Maureen didn't work hard for her finals. She knew that something was happening to her. The flashbacks, the disorientation and the night terrors were building to a pitch. All her time in the university library was spent on the sixth floor reading books and articles about mental illness. She thought she was becoming schizophrenic but she didn't tell anyone what was happening. She was afraid that they would put her away, afraid that Leslie would disappear and take all the cozy, normal nights with her. It was almost a year later, when Maureen had her breakdown, that Leslie's true nature became clear.

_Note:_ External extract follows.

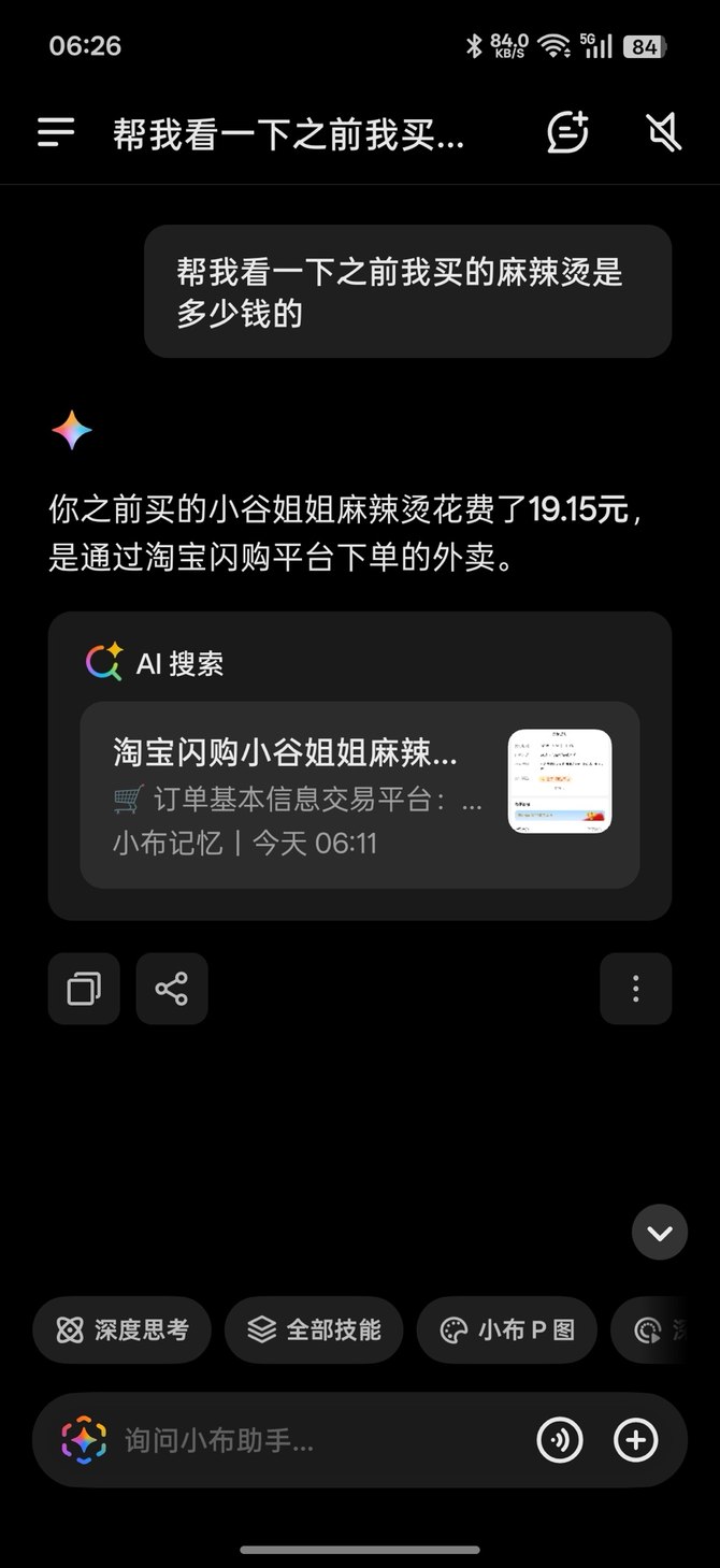 后续无论是查找某一次支付记录、回顾看过的攻略内容,还是调用此前的灵感记录,都可以通过与小布的自然语言交互来完成。这种体验更像是为系统“外挂”了一层长期记忆能力,让信息不再只是短暂停留在屏幕上。
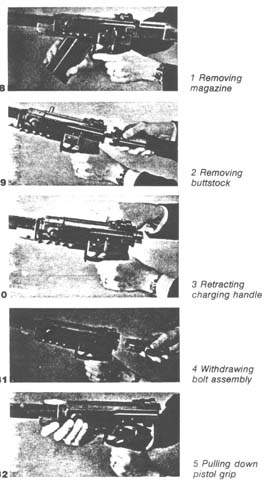 推起位于机匣下面、握把后方的卡笋,将枪托反时针转动90°,自后方取下枪托;

After Liam found her in the hall cupboard in Garnethill and carried her into hospital wrapped in a blanket, whispering comfort and baptizing her with his tears, Leslie was the first person to visit and she kept on coming. She worked her shifts at the shelter around visit times, bringing magazines and nice food and spending time with her. But even Leslie couldn't stop the dreams or the fear or the panicked terror or the screaming at night. Winnie came to visit, sobbing loudly, drunk and drunker, attracting pitying glances from the patients. Una came to visit and brought Alistair. They smiled nervously and left quickly. Marie, their oldest sister, couldn't make it up from London. Busy time at the bank.
Maureen had been in hospital for weeks when Alistair came to visit alone. He betrayed his promise to Una and told the doctors that this had happened before. Maureen was ten when the family found her locked in the cupboard under the stairs. Winnie jimmied it open and pulled her out by her leg as Marie and Una stood by. Maureen had a long bruise on the side of her face and when they gave her a bath they found dried blood between her legs. No one knew what had happened but Michael left Glasgow for good, taking the checkbook, and never contacted them again. Winnie didn't have to tell them it was a secret: the children knew instinctively. No one had mentioned it again until Una took Alistair into her confidence and he took it upon himself to tell Maureen's doctors.